Seven Non-Traditional Ways To Finance Your Small Business

Availing financial aid for an unestablished business is not a simple undertaking. Due to the poor creditworthiness; small businesses often struggle to be liable for a loan, which eventually can limit their access to seller financing and traditional funding mechanisms.

Finances are a great determinant of the success of your business. With sufficient funds, you can develop your business and generate the profits you expect. 

Obtaining finances from traditional financing options which include commercial lenders like banks and credit lines is a tough row to hoe. However, this should not hinder you from commencing and owning your small business and compel you to give up on your dreams. You can always opt for alternative non-traditional financing strategies and secure small amounts of capital. 

Take the help of investor relations who render to you comprehensive advisory services, leveraging their expertise and instruments to help you reach the most relevant stakeholders. 

Today, you as a business owner have more options than ever to finance your business without having to wait till eternity or dealing with unending paperwork. Let’s learn about the seven unconventional ways to derive funds for your small business

1. Microfinancing

For the business owners who have been excluded from traditional credit and lending options, microfinancing is the rescue. It is a method that is specifically targeted at individuals who have no access to traditional loans. All you need to qualify for microfinancing is a business plan, adequate credit, and a personal guarantee or collateral. 

Microfinances are a smaller version of a conventional loan from a bank, designed to assist aspiring small business owners to generate income, build assets, manage risks, and meet their needs. Additionally, they have no location restrictions and can be availed of from any part of the world.

Microloans can range between $5,000 and $50,000, differing according to the bank or lenders. Banks or lenders also determine the interest rates charged, which might be higher than traditional loans due to the higher risk involved. 

2. Crowdfunding

Crowdfunding involves entrepreneurs collating small amounts of funds contributed by a large number of individuals to finance a new business venture. It is often utilised by start-up companies or growing businesses as a way of accessing alternative funds. Crowdfunding also incorporates selling a small stake to raise money for your business. The inherent marketing advantages associated with the online process of soliciting investors and the affordability makes crowdfunding a very good option for you. 

3. Working Capital Loans

Working capital business funding allows businesses to deal with their day to day or short-term operations. The business world is full of fluctuations and ups and downs, which calls for aid to cover operating expenses such as salaries, production material, rent and so on during lean periods. 

A fast business working capital can help you through times of difficulties where your expenditure exceeds your income and existing funds.
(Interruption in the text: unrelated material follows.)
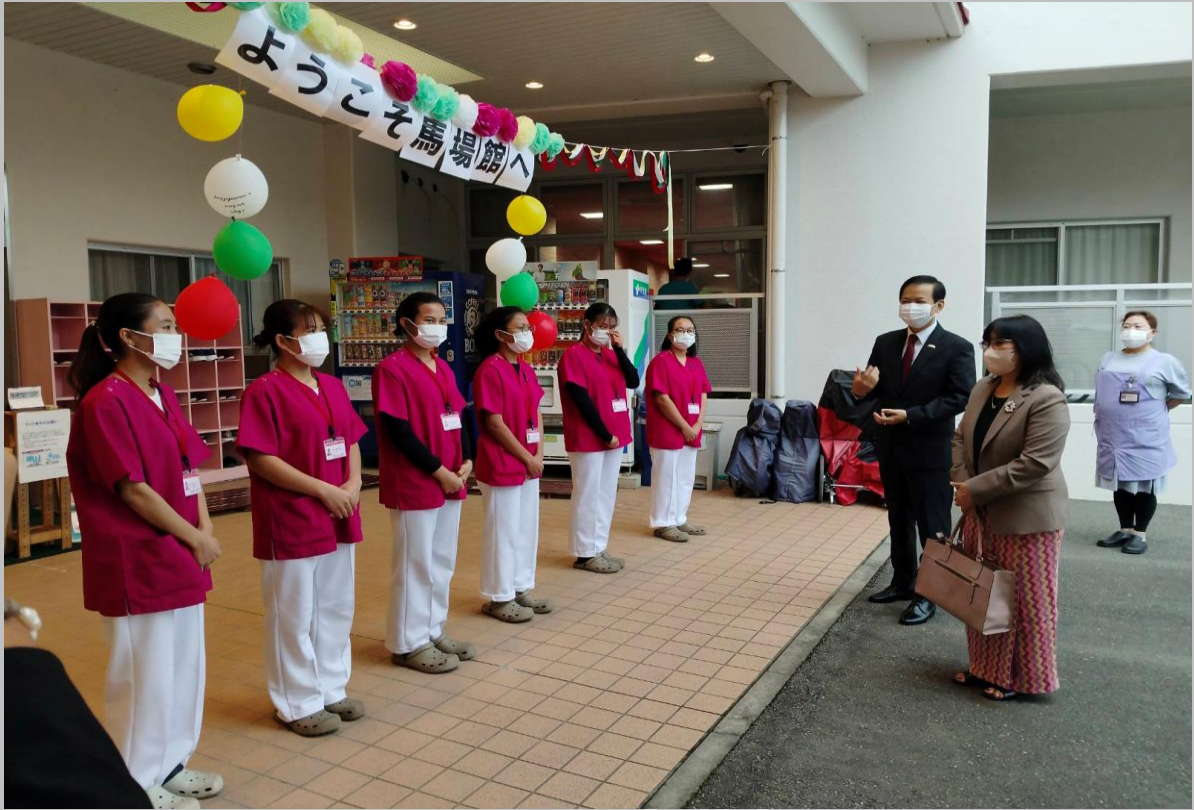
မြန်မာသံအမတ်ကြီး ဦးစိုးဟန်မှ Yoshinosato Group ကုမ္ပဏီမှ ခန့်အပ်ထားသည့် မြန်မာဝန်ထမ်းများနှင့်တွေ့ဆုံစဉ်။

4. Peer-to-Peer Lending (P2P Lending)

P2P lending is an online practice carried through platforms where needy borrowers can find the appropriate willing lenders thereby serving as a good way to finance your business. It is swifter than traditional lending methods and less volatile, making it a great investment channel. 

After a basic application process, you can connect with a relevant lender and have your loan in hand within a span of 3 days. It eliminates the bank fees and additional costs associated with traditional methods of availing of a loan. 

5. Merchant Cash Services

If you are a small business that needs urgent capital and needs to manage cash-flow shortages as well as cover a variety of short-term expenses, the merchant cash advance is what you need. One thing you need to know is MCA functions on credit cards. If you accept credit card payments as income; you will be pre-approved by a private lender and receive a payment based on the number of credit card transactions you make during a short duration. 

6. Bootstrapping

Bootstrapping technically isn’t a form of funding but it renders to the financial needs of your company. It involves launching and running a company with personal finances or the operating revenues of the new company. It is a situation wherein a company directly gets funds from the owner.

7. Grants From The Government

Usually, start-ups are considered unaccountable for grants from the government. However, there are numerous government grants available at the federal, state, and local levels that can help you finance your business. There are special grants for female entrepreneurs and business owners from ethnically diverse backgrounds. With thorough research, you can come across the most suitable option for you.

Funding hardships are specifically profound for business owners in the constantly evolving world. Most business owners think of non-traditional financing options as the last resort. However, it doesn’t have to be so. If your loan applications are denied, your business credit score is low, and you are creative and willing to take risks, you should consider alternative financing for your business. It usually has a higher approval rate, is dispersed and received faster. Constraining yourself to traditional loans will often take you nowhere. So, leverage the non-traditional financing options and achieve your dream.